Durant is brilliant, but only because his flaws make him so. Perfection is boring. Limits are everything, even if they exist solely to be bent and broken, set and reset.

  1. Dave Thomas - Sep 13, 2010 at 12:02 PM

    This is a strange column and you are a weirdo.

  2. zebulon - Sep 13, 2010 at 1:05 PM

    No real content here…
    you’re a better writer than this, I’m disappointed

  3. DavesNotHere - Sep 13, 2010 at 1:22 PM

    agreed. strange & weird

  4. James - Sep 13, 2010 at 1:28 PM

    Seems like he really didn’t have anything to write about but was probably told he had to right something… Or he felt he had to write something. but yes, strange and weird.

  5. McShaq - Sep 13, 2010 at 2:12 PM

    You mention flaws over and over but don’t explain much, something
    about relying too much on his jump shot. And yes, it is a possibility that KD surpasses LeBron on the court in a few years.\
    Agreed, terrible writing.

  6. Nimrod - Sep 13, 2010 at 2:27 PM

    The article sucks, this is true…but the concept that Durant can eventually passed LBJ is intriguing…Durant is a better shooter and better competitor than Lebron…If he can get his team in the finals over the next two years which will be a tremendous challenge, he will supersede Lebro…Don’t get me wrong I love Bron’s game…but Durant’s shot is unstoppable…McShaq, are you the kid from Seattle?

  7. Yum - Sep 13, 2010 at 2:55 PM

    Mmmmm… article is sooooo fluffy… so sleepy now.

  8. bob - Sep 13, 2010 at 3:54 PM

    Flaws, Flaws?
    I’m Hanging on the Edge of My Chair Here!!!
    I Can’t Take It!!!
    Good God Man, What Flaws?
    I Finished the Article, but No Explanation!
    WHAT ARE HIS FLAWS?

  9. JF - Sep 13, 2010 at 4:15 PM

    What an odd article. This article sounds like the author is complaining that there isn’t anything negative to write about KD. It really sounds like he is hoping KD screws up so he can have some scandalous article to post. How lame!
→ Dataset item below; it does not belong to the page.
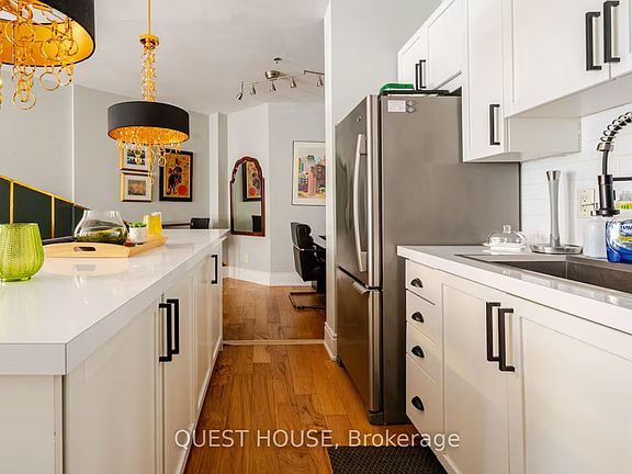 Rare Find - Fully Furnished (also available unfurnished by request) 1-Bedroom loft style with Private Entrance and Garden Terrace! Feels Like a Town House. Discover this truly unique, fully renovated 742 sq. ft. loft-style unit that offers an extraordinary living experience right in the center of it all! With a private entrance, this one-of-a-kind gem eliminates the need for an elevator, offering both privacy and convenience.Step inside and be greeted by the open-concept living space, featuring high ceilings and an abundance of natural light. Thoughtfully furnished with modern, stylish pieces throughout, this unit is move-in ready and perfect for those seeking both comfort and functionality. The space includes a comfortable living area, a cozy dining space, and a fully equipped kitchen with premium appliances all designed with European flair. One of the standout features of this unit is the stunning 250 sq. ft. garden terrace, providing the perfect outdoor retreat in a tranquil, gated courtyard. Whether you're relaxing or entertaining, this space is ideal for unwinding. Plus, the property is BBQ and pet-friendly, making it easy to enjoy life to the fullest with your furry friend by your side.This unit is packed with amenities to elevate your lifestyle. Turn key ready to use: fiber optic interent, cable, heat & hydro etc. Parking is available underground at an additional cost.

  10. Anonymous - Sep 13, 2010 at 10:48 PM

    that’s an awesome comment

  11. Elizabeth Keel - Sep 13, 2010 at 10:56 PM

    Rob-take a day off already! Kevin Durant is showing NBA fans what a real professional looks like. He is a great athlete and seems to be a good moral person. Doesn’t seem to have the snotty attitude that turns off a lot of people who watch the games. I really appreciate finally getting to see a young player who isn’t a jerk even if it doesn’t give you something to write about. Durant appears to love the game and feels priviledged to be a part of it. Very refreshing!

  12. Larry - Sep 14, 2010 at 1:01 AM

    KD is no doubt a great player, but this years tourney lacked a lot of great players. Turkolu was the US’s biggest compettion in the finals.
    That says it all.

  13. Dr. Warren - Sep 14, 2010 at 3:57 AM

    This seems like a creative writing piece, or something written to showcase “writerly” abilities. Good expository writing hinges on examples and other evidence to support your ideas.
    We still don’t know what flaws you’ve noticed, if any.

  14. Scottland - Sep 14, 2010 at 12:43 PM

    Don’t perpetuate the Durant-love-fest just for kicks. If there’s something to write about, write it. If not, don’t just write about Durant because he exists.

  15. Scott - Sep 15, 2010 at 3:04 AM

    Uh, actually, I can stop Durant’s shot

  16. John - Sep 15, 2010 at 1:33 PM

    With idiots like this, it’s no wonder rich people want to go live in other countries that actually educate people well. Who would want to invest in a company in the U.S. with idiots like this guy as potential employees?

  17. Tman - Sep 16, 2010 at 12:14 AM

    Would you be one those very very enlightened people who spend their “work” time investing in companies who, in turn invest in those brilliant people who do things like embezzle money, run ponzi schemes and generally gamble with other peoples money? Those very ethical types that do call girls one night and then take the kids to a Broadway show the next. How’s the high ground??
    Take your money and so very “richness” and you may go now….First Class of course!!!